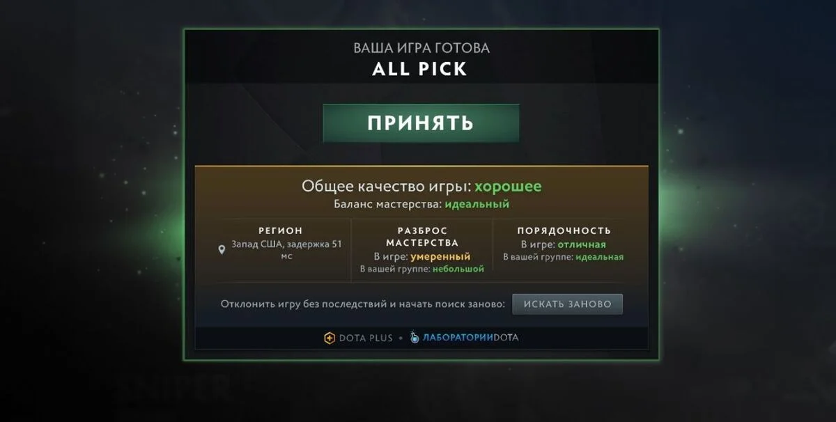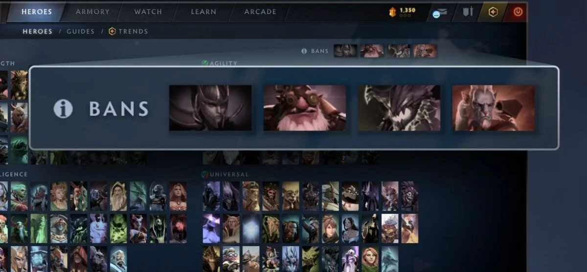Теперь игроки больше не нуждаются в этапе запретов перед матчем: в главном меню они могут выбрать до четырех нежелательных героев, и один из них будет автоматически запрещен в каждой игре. Подписчики Dota Plus получили возможность отклонять найденные матчи и начинать подбор заново без последствий.
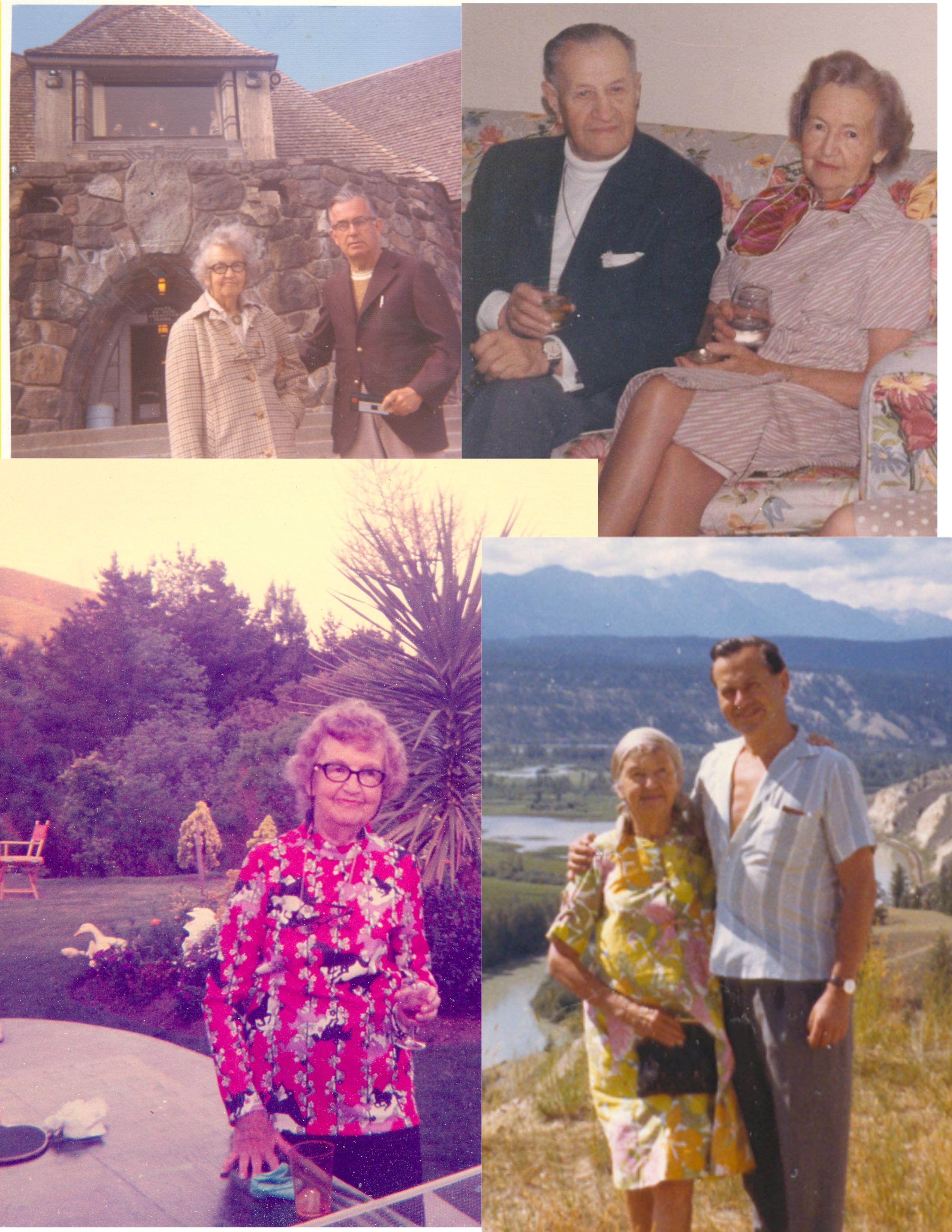 from top left: with Leigh McBride at Banff Springs Hotel; with Herbert Forbes-Roberts, father of Peter`s wife Maxine; with Peter; and in California (McBride Collection)
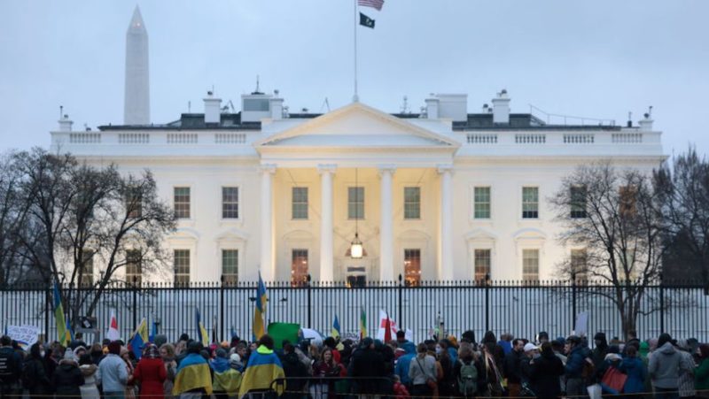 Manifestantes en el parque Lafayette cerca de la Casa Blanca, en Washington, protestas contra la operación de Rusia en Ucrania.

- [Assignment]:
Once the images are dropped, set down the remaining material word for word.

- [Exercise answer]:
Теперь игроки больше не нуждаются в этапе запретов перед матчем: в главном меню они могут выбрать до четырех нежелательных героев, и один из них будет автоматически запрещен в каждой игре. Подписчики Dota Plus получили возможность отклонять найденные матчи и начинать подбор заново без последствий.
 from top left: with Leigh McBride at Banff Springs Hotel; with Herbert Forbes-Roberts, father of Peter`s wife Maxine; with Peter; and in California (McBride Collection)
 Manifestantes en el parque Lafayette cerca de la Casa Blanca, en Washington, protestas contra la operación de Rusia en Ucrania.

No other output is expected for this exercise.